Hey I donno if you use this forum hunter dressed in first lite camo on the Wasatch front today but I wanted to apologize. I didn't see you sitting that water hole when I came in cause it was still somewhat dark and your camo made you invisible behind that bush. I didn't see you until you stood up and left. I seriously felt bad. I would never want that done to me and I sure wouldn't want to do it to someone else so if you are a member here. Sorry!!!!


----------



## alpinebowman (Sep 24, 2007)

Hey man that stuff happens. There are plenty of people on most water sources up there and you never know if someone is there first. I am surprised he left so fast, I guess he figured it was done for the day. Usually I just show myself and hope the other guy gets the hint and moves on. Just wait till someone comes running in on the critter he clearly sees you are stalking. That is an egregious act that is something to be embarrassed about.


----------



## Honeydew (Sep 22, 2015)

I don't know if it was me or not but I was hunting one of the more popular areas in Big Cottonwood Canyon on the 19th and wearing first light asat with a trad bow. If it was me don't worry about it, I wasn't taking any thing seriously that day...just checking out prints to see what was around. It was a beautiful day and I was just happy to be out. With what feels like 10 hunters for every deer and by the nature of archery hunting (everyone in full camo and hiding in the bushes) I don't think it is possible not to bump into someone at some point.
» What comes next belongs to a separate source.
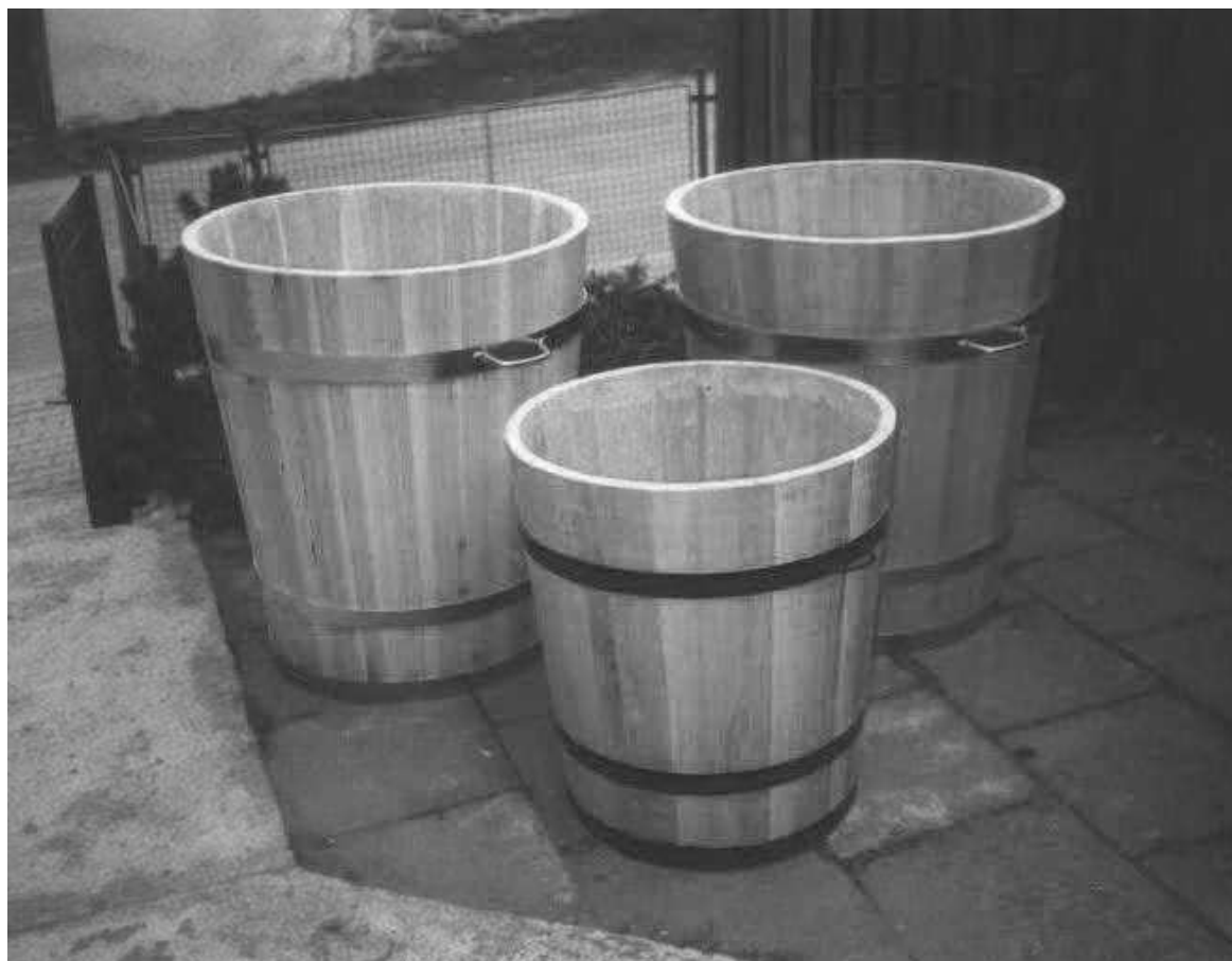
Kádě na kvas.

The fact that you have the character to put an apology out there says a lot. I wish everyone was as courteous as you.


----------



## phorisc (Feb 2, 2011)

Honeydew said:


> I don't know if it was me or not but I was hunting one of the more popular areas in Big Cottonwood Canyon on the 19th and wearing first light asat with a trad bow. If it was me don't worry about it, I wasn't taking any thing seriously that day...just checking out prints to see what was around. It was a beautiful day and I was just happy to be out. With what feels like 10 hunters for every deer and by the nature of archery hunting (everyone in full camo and hiding in the bushes) I don't think it is possible not to bump into someone at some point. The fact that you have the character to put an apology out there says a lot. I wish everyone was as courteous as you.


It was first light asat, it was a spring with a wallow right by it. Its the one in my video 
Funny thing is I filmed a bit of that wallow and the frozen ground near it and I can't even see you in the bush if it was you lol you were cloaked! Anyhow I felt pretty bad about it so sorry if it was you.


----------



## Honeydew (Sep 22, 2015)

Probably never know if it was me or not, but it looks like we crossed paths with the same moose. Its funny though, I only check the forum from time to time but was bored at work and caught your post. I don't see many people in asat and thought I would reply just in case. Again, if it was me don't give it a second thought, I never left a spot that day because of another hunter. I like to still hunt and usually don't stay in one area very long. Have fun out there, the Wasatch backcounty is a beautiful place to be.


----------



## phorisc (Feb 2, 2011)

Honeydew said:


> Probably never know if it was me or not, but it looks like we crossed paths with the same moose. Its funny though, I only check the forum from time to time but was bored at work and caught your post. I don't see many people in asat and thought I would reply just in case. Again, if it was me don't give it a second thought, I never left a spot that day because of another hunter. I like to still hunt and usually don't stay in one area very long. Have fun out there, the Wasatch backcounty is a beautiful place to be.


Thanks will do, good luck with your hunting as well.


----------